導入:多発内分泌代謝性卵巣症候群(PMOS)は、かつて多嚢胞性卵巣症候群(PCOS)と呼ばれていた、生殖可能年齢の女性にみられる一般的な内分泌疾患である。生殖機能および代謝の障害に加えて、PMOSは心理的な健康状態と生活の質を悪化させる。利用可能な治療選択肢があるにもかかわらず、臨床症状と妊孕性の転帰の両方を改善する安全で有効な治療法が必要とされている。
目的:VAMHAおよびMYRHA錠の併用療法を、標準的な非ホルモン療法と比較し、規則的な月経の回復に対する有効性を検討する。副次目的として、排卵、月経症状、多嚢胞性卵巣の形態、ホルモンおよび代謝パラメータ、人体計測指標、皮膚症状の評価を行った。

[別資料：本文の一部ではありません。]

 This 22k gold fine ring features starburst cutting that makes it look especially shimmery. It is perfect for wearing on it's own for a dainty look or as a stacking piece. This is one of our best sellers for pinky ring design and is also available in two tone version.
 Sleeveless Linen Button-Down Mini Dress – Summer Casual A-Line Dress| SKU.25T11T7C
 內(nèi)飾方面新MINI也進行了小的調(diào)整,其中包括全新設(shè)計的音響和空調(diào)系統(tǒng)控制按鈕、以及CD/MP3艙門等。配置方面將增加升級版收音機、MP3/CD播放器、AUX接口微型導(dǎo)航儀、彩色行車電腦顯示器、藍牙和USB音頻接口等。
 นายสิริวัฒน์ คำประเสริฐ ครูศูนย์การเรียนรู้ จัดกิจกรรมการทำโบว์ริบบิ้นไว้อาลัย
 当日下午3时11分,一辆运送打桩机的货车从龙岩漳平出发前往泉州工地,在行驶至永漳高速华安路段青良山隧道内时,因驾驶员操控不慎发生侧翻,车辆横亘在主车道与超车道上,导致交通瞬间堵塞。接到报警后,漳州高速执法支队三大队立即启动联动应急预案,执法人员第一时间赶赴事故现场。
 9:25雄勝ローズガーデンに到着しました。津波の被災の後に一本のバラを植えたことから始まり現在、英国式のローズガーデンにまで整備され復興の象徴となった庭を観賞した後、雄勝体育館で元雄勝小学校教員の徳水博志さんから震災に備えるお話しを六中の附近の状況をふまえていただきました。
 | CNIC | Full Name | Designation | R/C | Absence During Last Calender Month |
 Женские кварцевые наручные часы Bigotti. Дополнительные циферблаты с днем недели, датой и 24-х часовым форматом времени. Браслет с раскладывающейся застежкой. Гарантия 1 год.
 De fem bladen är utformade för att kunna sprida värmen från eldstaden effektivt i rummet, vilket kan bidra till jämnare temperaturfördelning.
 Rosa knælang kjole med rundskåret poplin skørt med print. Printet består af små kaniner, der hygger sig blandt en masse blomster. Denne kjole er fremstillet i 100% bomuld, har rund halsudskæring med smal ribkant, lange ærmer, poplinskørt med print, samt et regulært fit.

研究デザイン:オープンラベル、無作為化、多施設、前向き比較臨床研究。
方法:PMOSの71例の女性を、群A(n=37)または群B(n=34)に無作為割付した。群AはVAMHAおよびMyrha錠を各2錠ずつ投与した。一方、群Bはメトホルミン500 mg+ミオイノシトール600 mgを1錠として1日2回、180日間投与した。データは症例報告書に記録した。統計解析:連続変数は平均と標準偏差で要約し、カテゴリ変数は度数と割合で示した。カイ二乗検定を含む適切な統計検定を用いた。p値≤0.05を有意とした。
結果:群Aでは群Bより規則的な月経周期を達成した参加者が有意に多かった(31 vs 22;p<0.05)。排卵は群Aの16例でみられ、群Bでは6例であった(p<0.05)。両群とも月経不順および関連症状が有意に改善した。抗ミュラー管ホルモン(AMH)、空腹時インスリン、体格指数(BMI)の有意な低下が両群で認められた(p<0.05)。多嚢胞性卵巣形態の消失は、群Aで13例(38.23%)、群Bで10例(33.33%)であった。両治療はいずれも忍容性が良好で、大きな安全性上の懸念は認められなかった。
結論:VAMHAおよびMyrhaの併用療法は、標準的な非ホルモン療法よりも月経の規則性と排卵の改善に優れていた。さらに、代謝、ホルモン、および超音波所見において好ましい結果をもたらし、PMOSの包括的な管理と妊孕性向上のための安全で有効な選択肢となり得ることが示唆された。